Multiple myeloma cells have higher levels of intracellular reactive oxygen species (ROS) and lower levels of antioxidant molecules than normal cells due to increased oncogene activation and/or metabolic activity (e.g., high immunoglobulin synthesis rate) [41]. High levels of ROS have been shown to promote proliferation and enhance motility and invasion [42]. Decreased activity of the antioxidant molecules ARE and PON1 are considered to be biomarkers of poor prognosis in multiple myeloma patients as markers of poor prognosis [43]. Chronic persistent inflammation and inflammatory factors (e.g., IL-6) play an important role in MM [44]. Increasing evidence showed that cellular senescence and senescence-associated secretory phenotypes (SASP) establish a tumor environment that supports tumor cell proliferation and survival and promotes the development of multiple myeloma [45]. It has been established that poor nutritional status is a strong indicator of poor prognosis in MM [46, 47]. In conclusion, high RDW is a strong indicator reflecting poor prognosis in MM patients.

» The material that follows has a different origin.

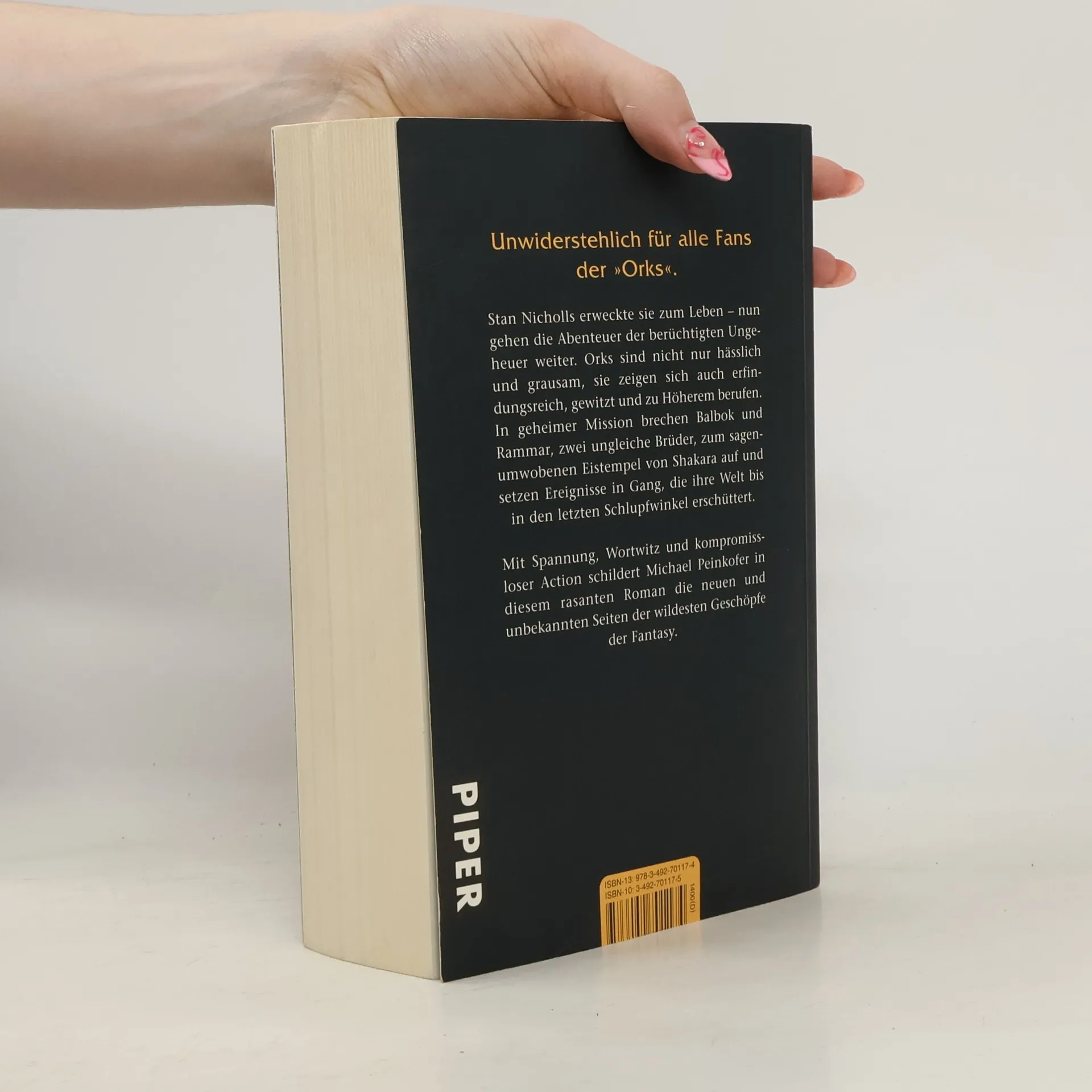 Michael Peinkofer erweckt die Orks zum Leben und beschreibt Mittelerdes wildeste Geschöpfe noch plastischer und lebendiger als J. R. R. Tolkien selbst. Dass Orks zwar hässlich und grausam, aber auch erfindungsreich, gewitzt und bisweilen sogar zu Höherem berufen sind – das beweist der junge Bestsellerautor mit diesem Roman. Er knüpft nicht nur an den überwältigenden Erfolg seines Vorbilds an, sondern webt die Geschichte der vierschrötigen Ungeheuer auch weiter. In geheimer Mission brechen Balbok und Rammar, zwei ungleiche Brüder, zum sagenumwobenen Eistempel von Shakara auf. Damit beginnt ein Abenteuer, das ihre gesamte Welt erschüttert und das Spannung, Action und trockenen Witz in sich vereint. Mit diesem rasanten Ork-Thriller stellt Peinkofer sein großartiges erzählerisches Können unter Beweis.
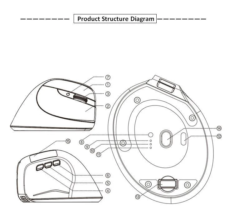 ⑦ DPIkey⑧Bluetooth key⑨Charging indicator

There are several limitations in this study that need to be clarified. The main limitation of our study was the small number of eligible studies in terms of establishing prognostic value. Second, these studies were retrospective and more susceptible to some bias. Furthermore, the power of both Egger's test and Begg's test was relatively lower when the number of studies included in the meta-analysis was less than 10. Therefore, publication bias may not be detected by Egger's test and Begg's test. It is hoped that more rationally designed, high-quality, multi-center studies will be conducted in the future to enrich our results further.

Conclusion

In summary, this meta-analysis demonstrated that elevated RDW might be a negative prognostic factor for patients with MM.